Recorded information:
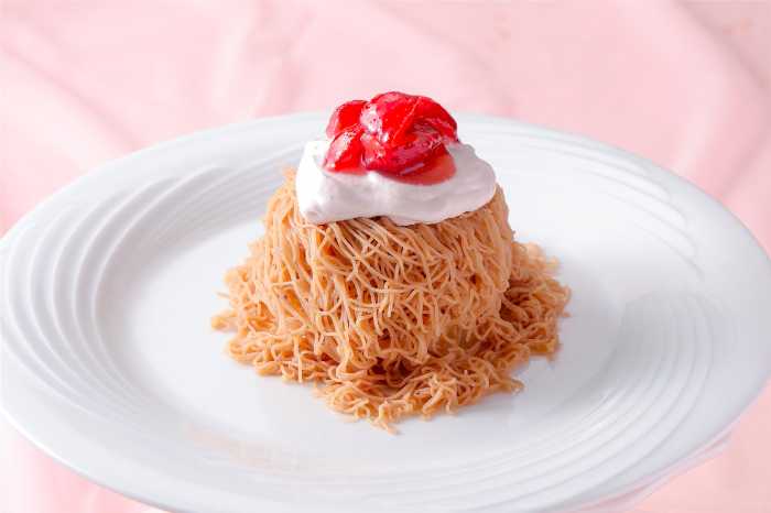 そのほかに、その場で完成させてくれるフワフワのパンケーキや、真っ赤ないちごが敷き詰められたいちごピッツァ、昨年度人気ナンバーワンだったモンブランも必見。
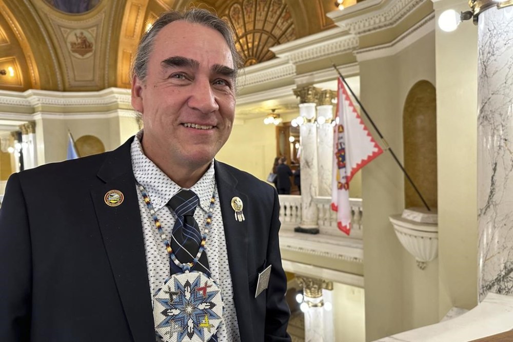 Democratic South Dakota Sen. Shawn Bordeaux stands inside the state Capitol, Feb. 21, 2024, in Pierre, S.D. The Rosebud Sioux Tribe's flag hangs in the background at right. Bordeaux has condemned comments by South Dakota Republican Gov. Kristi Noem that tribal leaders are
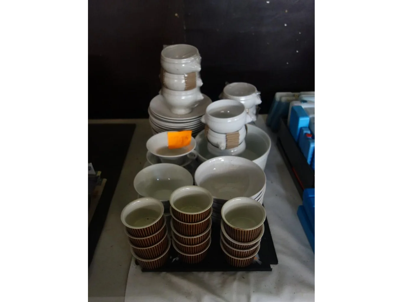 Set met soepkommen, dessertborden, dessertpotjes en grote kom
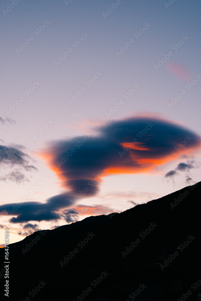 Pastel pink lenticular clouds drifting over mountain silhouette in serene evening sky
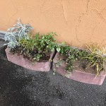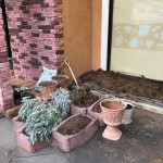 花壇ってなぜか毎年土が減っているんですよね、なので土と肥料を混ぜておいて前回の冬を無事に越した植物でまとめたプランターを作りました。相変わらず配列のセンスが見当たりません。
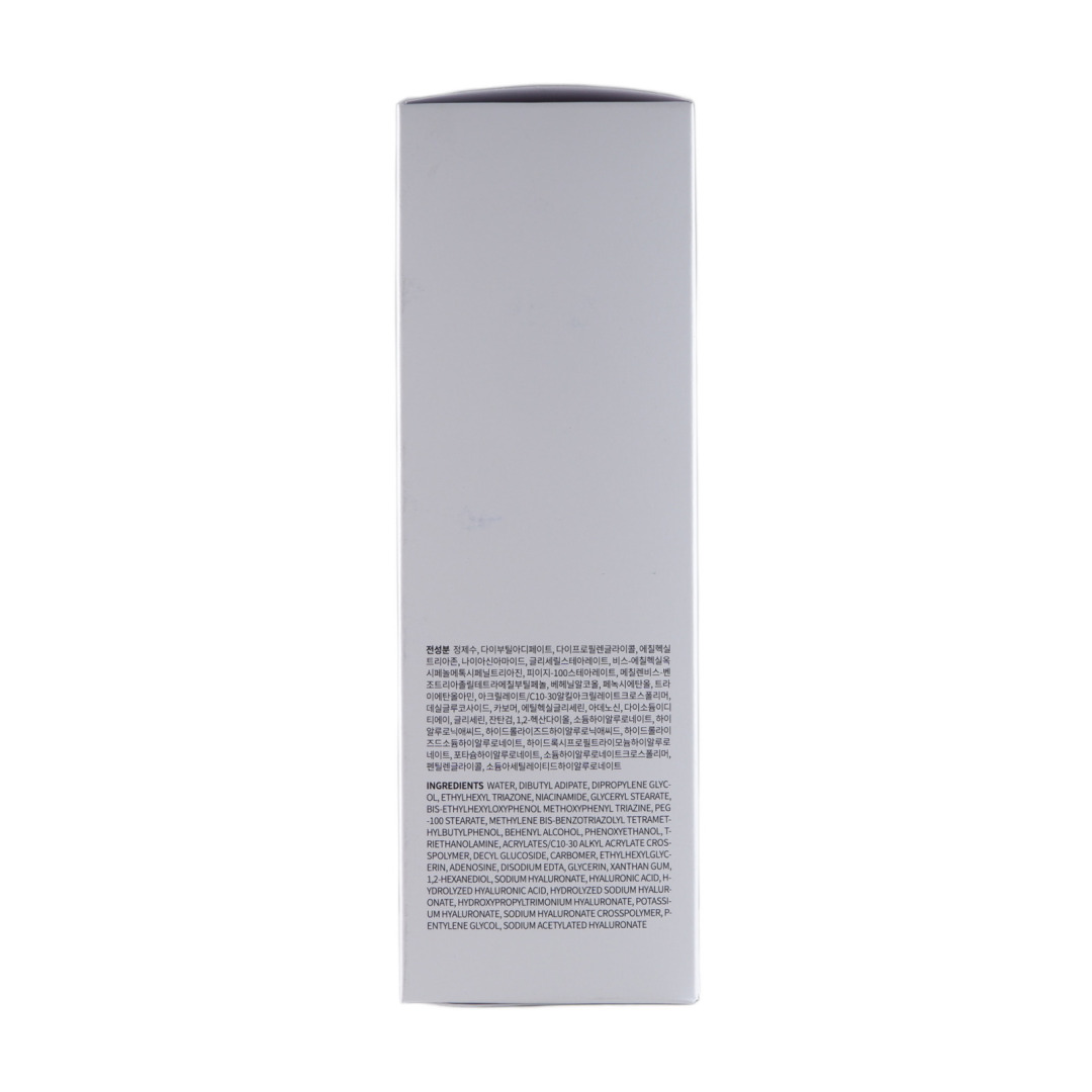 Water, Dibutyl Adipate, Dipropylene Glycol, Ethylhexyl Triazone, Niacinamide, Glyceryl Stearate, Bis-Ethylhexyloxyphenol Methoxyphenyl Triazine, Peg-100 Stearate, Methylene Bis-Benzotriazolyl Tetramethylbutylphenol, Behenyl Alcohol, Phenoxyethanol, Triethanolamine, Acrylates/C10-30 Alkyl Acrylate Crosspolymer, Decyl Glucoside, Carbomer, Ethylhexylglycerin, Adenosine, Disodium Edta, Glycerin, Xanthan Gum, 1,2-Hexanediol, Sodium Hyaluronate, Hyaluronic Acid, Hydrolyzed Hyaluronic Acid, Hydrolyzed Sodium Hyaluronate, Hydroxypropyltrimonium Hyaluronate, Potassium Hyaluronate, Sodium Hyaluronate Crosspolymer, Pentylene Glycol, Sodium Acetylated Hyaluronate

Exercise instructions:
Nothing but an exact copy of the data, without pictures, should be returned.

Exercise answer:
 そのほかに、その場で完成させてくれるフワフワのパンケーキや、真っ赤ないちごが敷き詰められたいちごピッツァ、昨年度人気ナンバーワンだったモンブランも必見。
 Democratic South Dakota Sen. Shawn Bordeaux stands inside the state Capitol, Feb. 21, 2024, in Pierre, S.D. The Rosebud Sioux Tribe's flag hangs in the background at right. Bordeaux has condemned comments by South Dakota Republican Gov. Kristi Noem that tribal leaders are
 Set met soepkommen, dessertborden, dessertpotjes en grote kom
 Pastel pink lenticular clouds drifting over mountain silhouette in serene evening sky
 花壇ってなぜか毎年土が減っているんですよね、なので土と肥料を混ぜておいて前回の冬を無事に越した植物でまとめたプランターを作りました。相変わらず配列のセンスが見当たりません。
 Water, Dibutyl Adipate, Dipropylene Glycol, Ethylhexyl Triazone, Niacinamide, Glyceryl Stearate, Bis-Ethylhexyloxyphenol Methoxyphenyl Triazine, Peg-100 Stearate, Methylene Bis-Benzotriazolyl Tetramethylbutylphenol, Behenyl Alcohol, Phenoxyethanol, Triethanolamine, Acrylates/C10-30 Alkyl Acrylate Crosspolymer, Decyl Glucoside, Carbomer, Ethylhexylglycerin, Adenosine, Disodium Edta, Glycerin, Xanthan Gum, 1,2-Hexanediol, Sodium Hyaluronate, Hyaluronic Acid, Hydrolyzed Hyaluronic Acid, Hydrolyzed Sodium Hyaluronate, Hydroxypropyltrimonium Hyaluronate, Potassium Hyaluronate, Sodium Hyaluronate Crosspolymer, Pentylene Glycol, Sodium Acetylated Hyaluronate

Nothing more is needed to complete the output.